## [RECORDS SHOWN]
↓

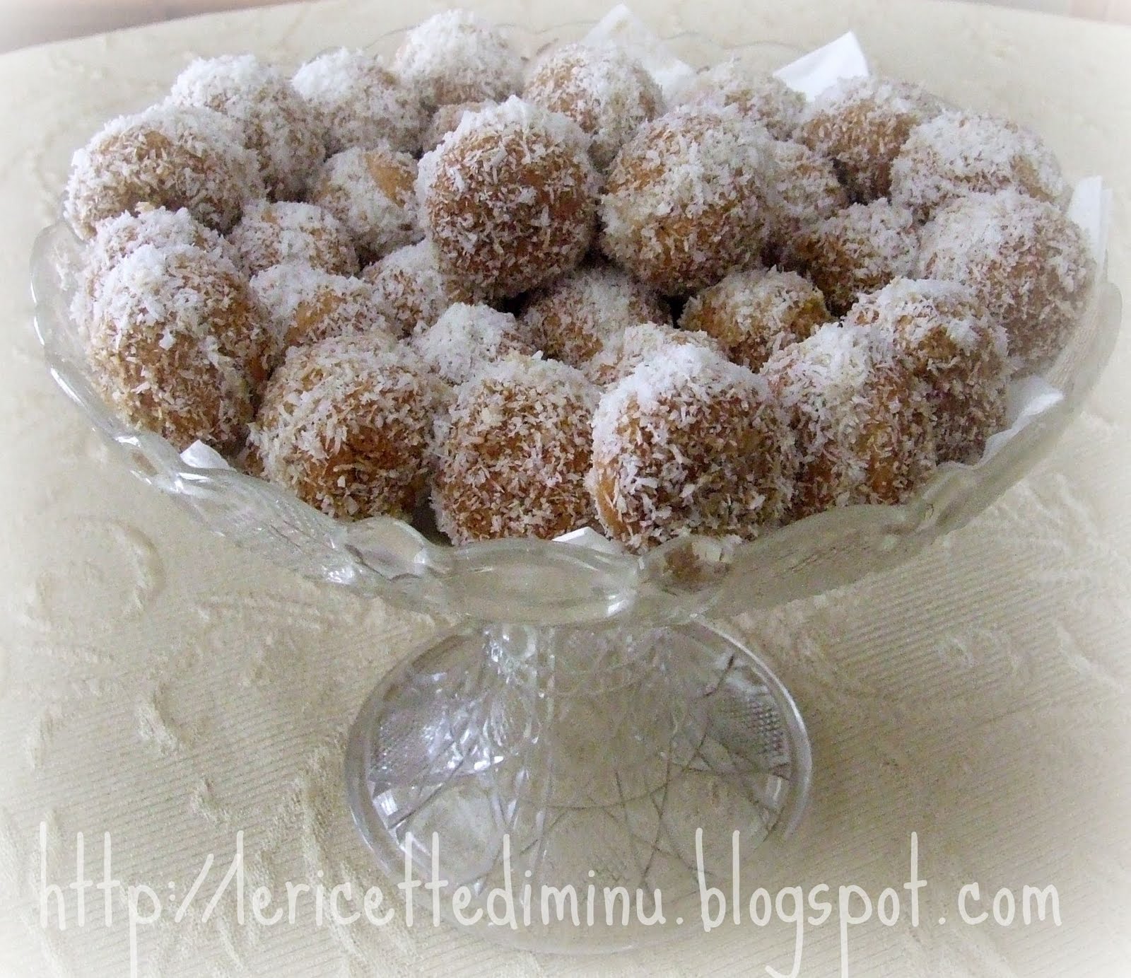 sciogliere il cioccolato a bagno maria, incorporare lo zucchero il cocco ed il rum e legare con l'uovo. Formare delle palline e rotolarle nel cocco. Far riposare in frigorifero un paio d'ore.
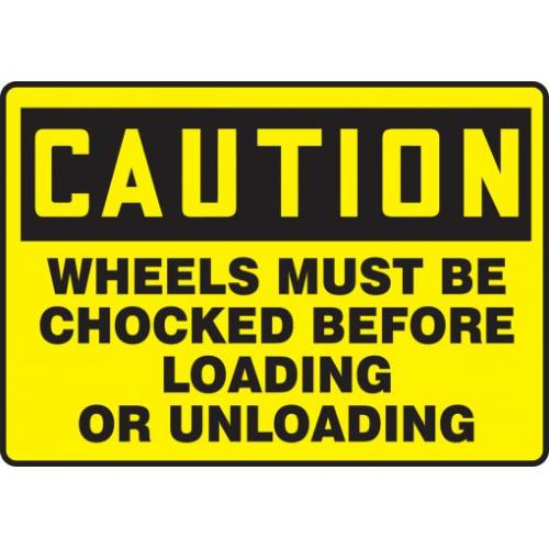 Accuform, MVHR691XL, 7" x 10" OSHA Caution Safety Sign "Wheels Must Be Chocked Before Loading Or Unloading" Aluma-Lite
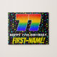Este vibrante e alegre design de quebra-cabeça de aniversário apresenta um grande número de "77" com um padrão de gradação inspirado no espectro multicolor do arco-íris. Também apresenta a mensagem "FELIZ 77º ANIVERSÁRIO" e um nome de destinatário editável. O fundo tem um padrão de estrelas coloridas e otimista. Um quebra-cabeça de aniversário personalizado e atraente como este pode ser usado para reconhecer o setenta e sete anos de alguém. [~Z0000607]
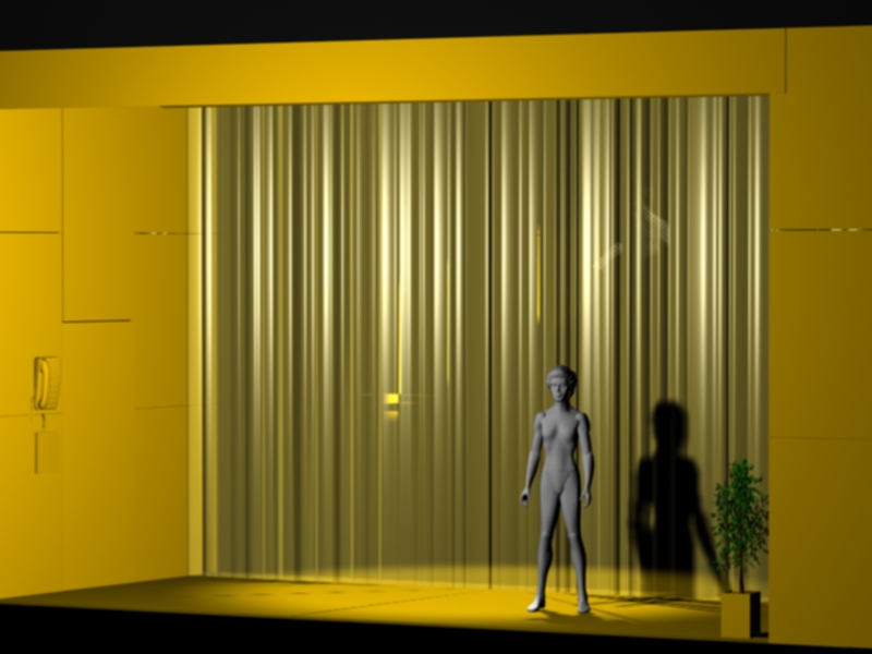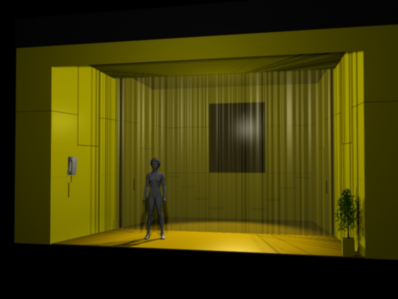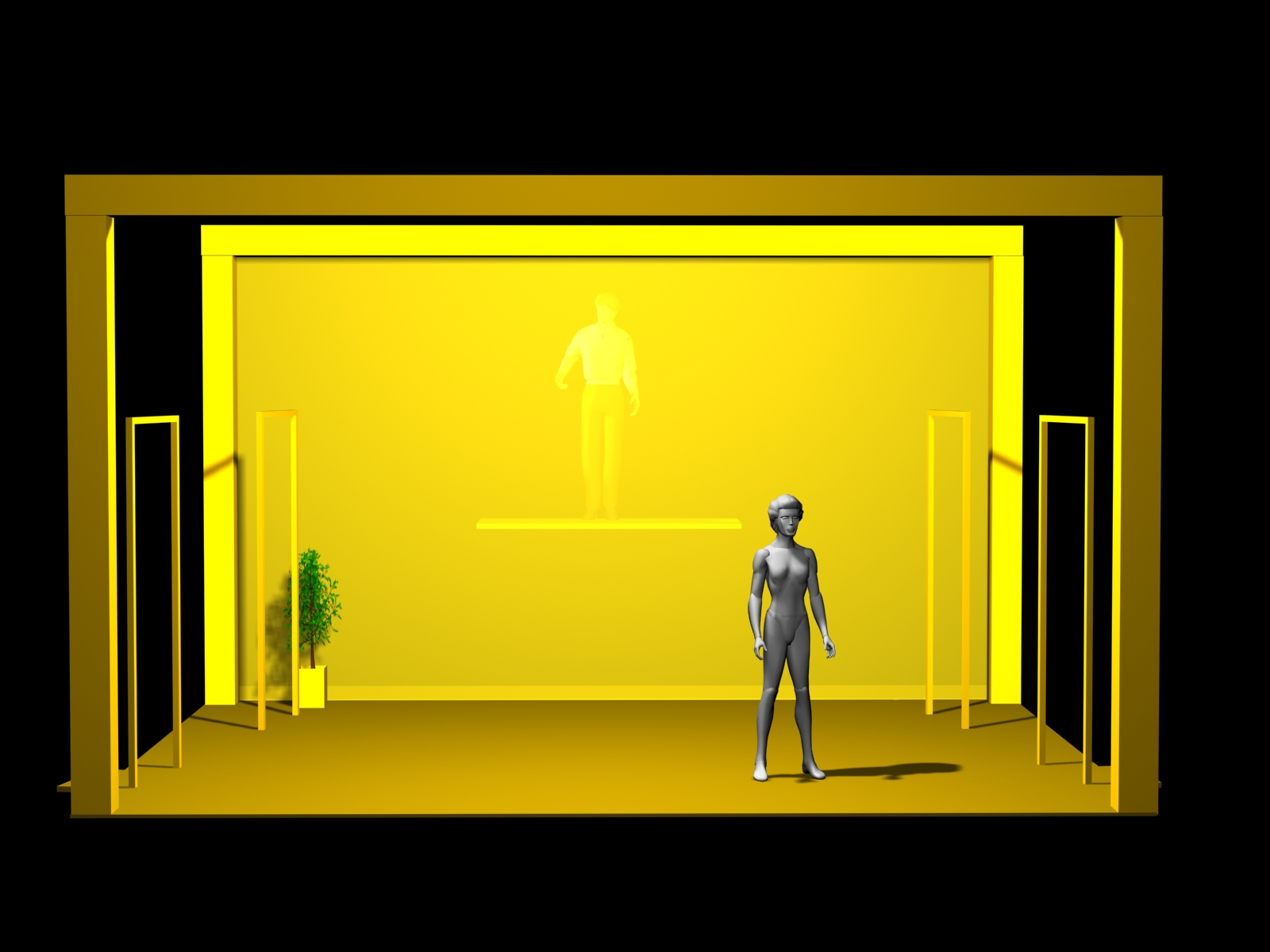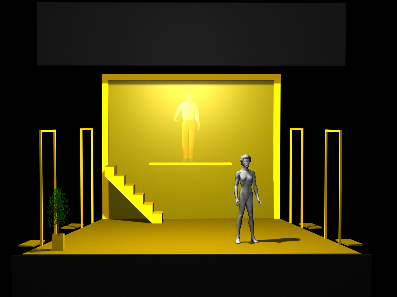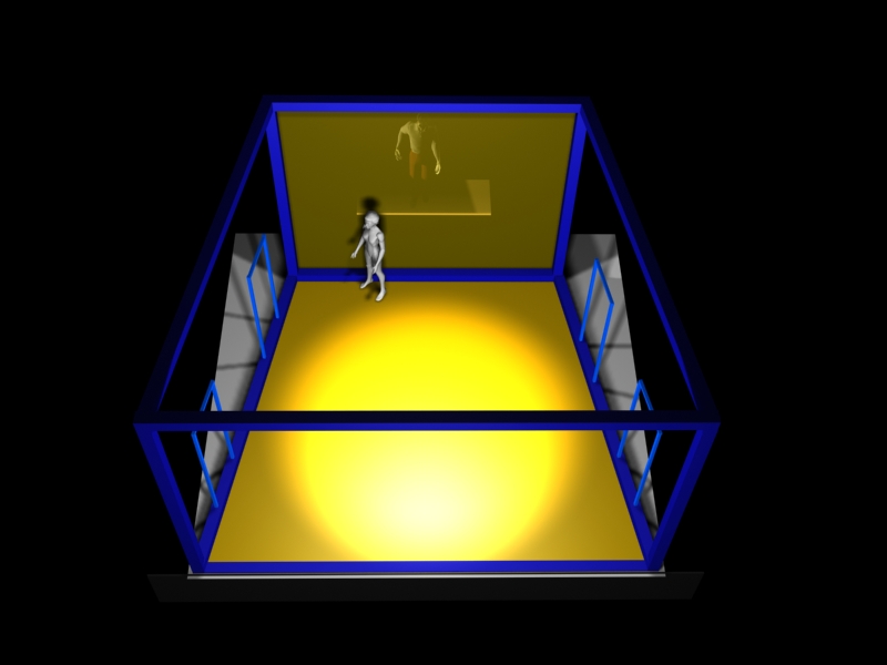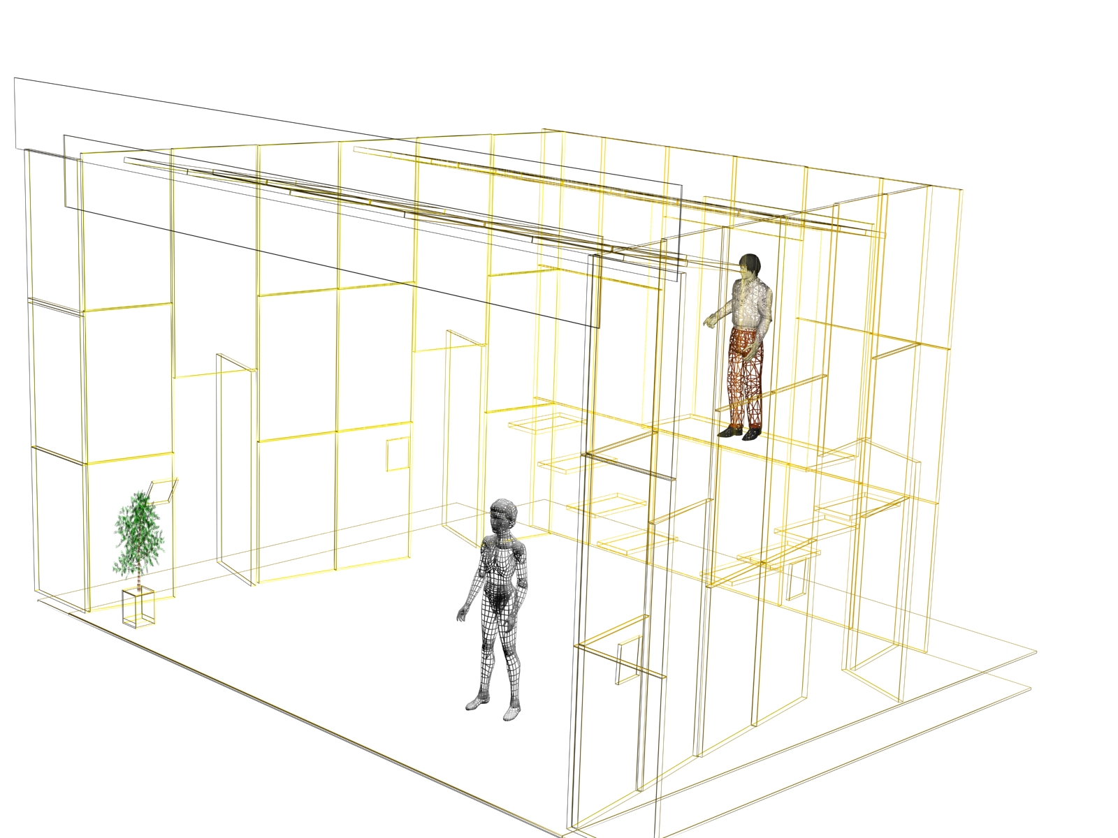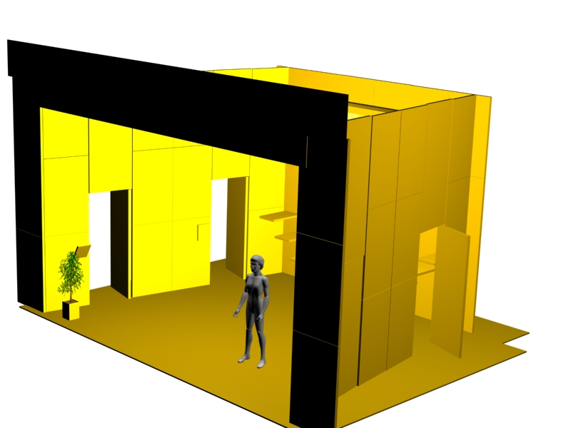La problématique était de concevoir une boite servant d'espace de jeu avec 4 portes ouvertes sur un univers propre à chaque personnage, la boite doit intégrer un musicien, qui accompagne les voix.
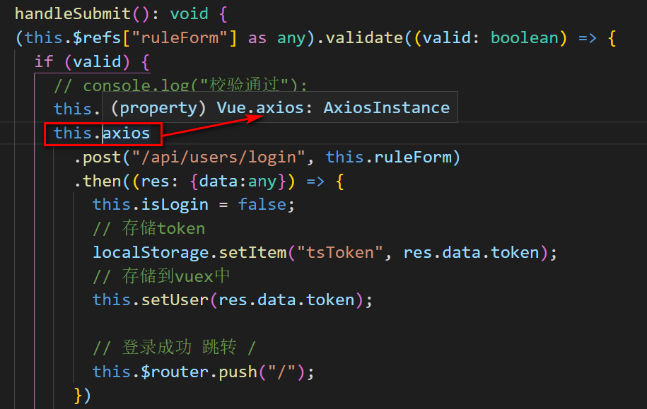 从上面我们可以看出vue-axios帮助我们实现了在Vue原型身上挂载axios,而且能够被ts检测到。这样就完美避免了ts报错的问题。
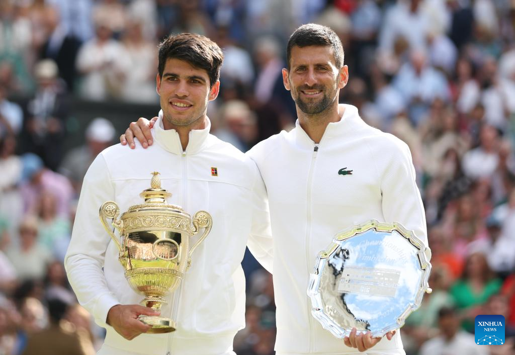 LONDRES, 15 julio, 2024 (Xinhua) -- Imagen del 14 de julio de 2024 de Carlos Alcaraz (i) posando para fotografías con Novak Djokovic en el podio después del partido de la final de individuales masculinos entre Carlos Alcaraz, de España, y Novak Djokovic, de Serbia, en el Campeonato de Tenis de Wimbledon, en Londres, Reino Unido. (Xinhua/Li Ying)

↑

Would you please repeat each record exactly? Leave the pictures out.

 sciogliere il cioccolato a bagno maria, incorporare lo zucchero il cocco ed il rum e legare con l'uovo. Formare delle palline e rotolarle nel cocco. Far riposare in frigorifero un paio d'ore.
 Accuform, MVHR691XL, 7" x 10" OSHA Caution Safety Sign "Wheels Must Be Chocked Before Loading Or Unloading" Aluma-Lite
Este vibrante e alegre design de quebra-cabeça de aniversário apresenta um grande número de "77" com um padrão de gradação inspirado no espectro multicolor do arco-íris. Também apresenta a mensagem "FELIZ 77º ANIVERSÁRIO" e um nome de destinatário editável. O fundo tem um padrão de estrelas coloridas e otimista. Um quebra-cabeça de aniversário personalizado e atraente como este pode ser usado para reconhecer o setenta e sete anos de alguém. [~Z0000607]
La problématique était de concevoir une boite servant d'espace de jeu avec 4 portes ouvertes sur un univers propre à chaque personnage, la boite doit intégrer un musicien, qui accompagne les voix.
 从上面我们可以看出vue-axios帮助我们实现了在Vue原型身上挂载axios,而且能够被ts检测到。这样就完美避免了ts报错的问题。
 LONDRES, 15 julio, 2024 (Xinhua) -- Imagen del 14 de julio de 2024 de Carlos Alcaraz (i) posando para fotografías con Novak Djokovic en el podio después del partido de la final de individuales masculinos entre Carlos Alcaraz, de España, y Novak Djokovic, de Serbia, en el Campeonato de Tenis de Wimbledon, en Londres, Reino Unido. (Xinhua/Li Ying)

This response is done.